Task instructions: The answer must be only the lines below from the one holding "- 產(chǎn)品注冊證號:滬虹械備 20150040 號" down to the one holding "디자인한 크롭 점퍼.", ends included, printed exactly; please omit all pictures.

Task data:
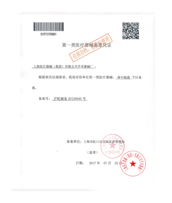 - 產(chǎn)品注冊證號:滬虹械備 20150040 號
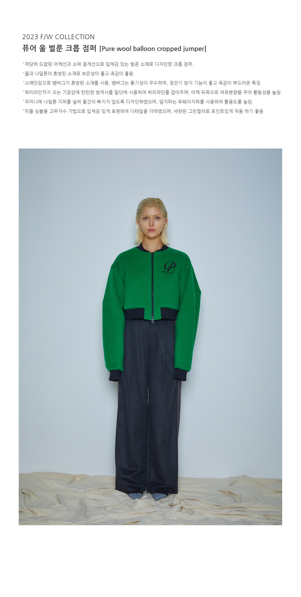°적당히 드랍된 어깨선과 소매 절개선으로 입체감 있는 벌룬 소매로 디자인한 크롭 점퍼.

...

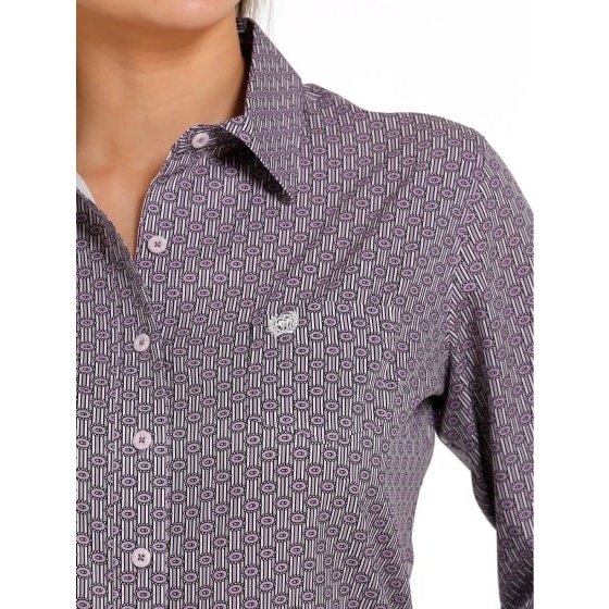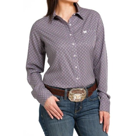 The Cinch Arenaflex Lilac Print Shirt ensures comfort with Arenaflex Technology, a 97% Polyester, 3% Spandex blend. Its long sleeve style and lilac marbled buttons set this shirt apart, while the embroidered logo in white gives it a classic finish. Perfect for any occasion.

* * *

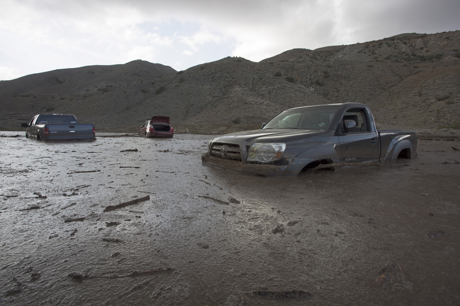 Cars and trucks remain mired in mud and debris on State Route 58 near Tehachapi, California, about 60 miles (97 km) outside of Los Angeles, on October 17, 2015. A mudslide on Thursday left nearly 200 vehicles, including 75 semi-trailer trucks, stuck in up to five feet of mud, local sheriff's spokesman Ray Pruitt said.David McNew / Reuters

Response box:
 - 產(chǎn)品注冊證號:滬虹械備 20150040 號
°적당히 드랍된 어깨선과 소매 절개선으로 입체감 있는 벌룬 소매로 디자인한 크롭 점퍼.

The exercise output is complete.